Integer negative numbers
Let's consider a small example. The figure on the left shows a thermometer that shows a temperature of 7 °C heat. If the temperature drops by 4°C, the thermometer will show 3°C of heat. A decrease in temperature corresponds to a subtraction action:
Note: all degrees are written with the letter C (Celsius), the sign of the degree is separated from the number by a space. For example, 7 °C.
If the temperature drops by 7 °C, the thermometer will show 0 °C. A decrease in temperature corresponds to a subtraction action:
If the temperature drops by 8 °C, then the thermometer will show -1 °C (1 °C of frost). But the result of subtracting 7 - 8 cannot be written using natural numbers and zero.
Let's illustrate subtraction on a series of positive integers:
1) We count 4 numbers to the left from the number 7 and get 3:
2) We count 7 numbers to the left from the number 7 and get 0:
It is impossible to count 8 numbers in a series of positive integers from the number 7 to the left. To make action 7 - 8 feasible, we expand the series of positive integers. To do this, to the left of zero, we write (from right to left) in order all natural numbers, adding to each of them a - sign, showing that this number is to the left of zero.
The entries -1, -2, -3, ... read minus 1 , minus 2 , minus 3 , etc.:
5, -4, -3, -2, -1, 0, 1, 2, 3, 4, 5, ...
The resulting series of numbers is called next to whole numbers. The dots on the left and right in this entry mean that the series can be continued indefinitely to the right and left.
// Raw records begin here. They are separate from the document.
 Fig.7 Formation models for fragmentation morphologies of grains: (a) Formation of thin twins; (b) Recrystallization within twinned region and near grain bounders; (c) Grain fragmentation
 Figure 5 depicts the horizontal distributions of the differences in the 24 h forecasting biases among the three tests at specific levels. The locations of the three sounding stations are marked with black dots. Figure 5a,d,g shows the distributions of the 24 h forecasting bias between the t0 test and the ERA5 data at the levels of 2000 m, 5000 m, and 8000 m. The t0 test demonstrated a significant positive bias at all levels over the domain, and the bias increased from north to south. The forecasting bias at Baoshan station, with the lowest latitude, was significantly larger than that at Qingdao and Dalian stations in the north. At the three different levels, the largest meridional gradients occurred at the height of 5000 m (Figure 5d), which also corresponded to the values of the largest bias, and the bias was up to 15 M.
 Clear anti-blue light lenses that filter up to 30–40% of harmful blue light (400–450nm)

To the right of the number 0 in this row are the numbers that are called natural or whole positive(briefly - positive).
To the left of the number 0 in this row are the numbers that are called whole negative(briefly - negative).
The number 0 is an integer, but is neither positive nor negative. It separates positive and negative numbers.
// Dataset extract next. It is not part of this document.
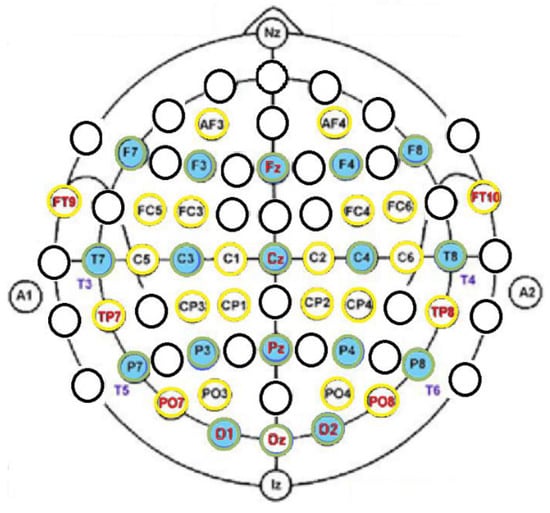 The 40-channel EEG placement was according to the standard 10-20 and 10-10 systems [31,32] and separated sensors for the ground, sensors placed on the forehead, and reference sensors in both mastoid processes (Table 3 and Figure 4). The stretch cap held the 40 embedded sensors that were prepositioned in the international montages, which minimized electrode placement errors through measurements (10% and 20% as well as 10% and 5%) of the distances between the skull landmarks along the midline from the nasion (Nz) to the inion (Iz) and from the left to the right pre-auricular points (A1 and A2, respectively) correctly aligned in the horizontal and vertical planes with placement Cz. The EEG sensors (10-20: Fz, Cz, Pz, O1-O2, and Oz; 10-10: FT9-FT10, TP7-TP8, PO7-PO8) for the NF experiment are underlined in Table 3. Their choice was according to the functional connectivity studies [6,7] of the typically developed children. We hypothesized that qEEG z-NF may lead to a functional reorganization in DD children that consists of a reduced interhemispheric low-frequency theta band and an increased alpha band in the regions involved in the reading network in the temporal lobe, occipital cortex, and those which intervene in the articulation and gesticulation of words as frontal and precentral cortices.

Hence, a series of integers consists of negative integers, zero, and positive integers.
Integer Comparison
Compare two integers- means to find out which of them is greater, which is less, or to determine that the numbers are equal.
You can compare integers using a row of integers, since the numbers in it are arranged from smallest to largest if you move along the row from left to right. Therefore, in a series of integers, you can replace commas with a less than sign:
5 < -4 < -3 < -2 < -1 < 0 < 1 < 2 < 3 < 4 < 5 < ...
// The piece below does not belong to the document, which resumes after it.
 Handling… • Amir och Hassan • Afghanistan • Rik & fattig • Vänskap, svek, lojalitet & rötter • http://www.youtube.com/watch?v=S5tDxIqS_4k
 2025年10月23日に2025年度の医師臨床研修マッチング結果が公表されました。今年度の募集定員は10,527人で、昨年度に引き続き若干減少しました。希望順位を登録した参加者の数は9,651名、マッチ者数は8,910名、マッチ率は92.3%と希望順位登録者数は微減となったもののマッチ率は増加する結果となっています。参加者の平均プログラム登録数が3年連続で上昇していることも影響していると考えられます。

Hence, Of two integers, the one on the right is the greater, and the one on the left is the smaller., Means:
1) Any positive number is greater than zero and greater than any negative number:
1 > 0; 15 > -16
2) Any negative number less than zero:
7 < 0; -357 < 0
3) Of the two negative numbers, the one that is to the right in the series of integers is greater.
The information in this article forms a general idea of whole numbers. First, the definition of integers is given and examples are given. Next, the integers on the number line are considered, from which it becomes clear which numbers are called positive integers, and which are negative integers. After that, it is shown how changes in quantities are described using integers, and negative integers are considered in the sense of debt.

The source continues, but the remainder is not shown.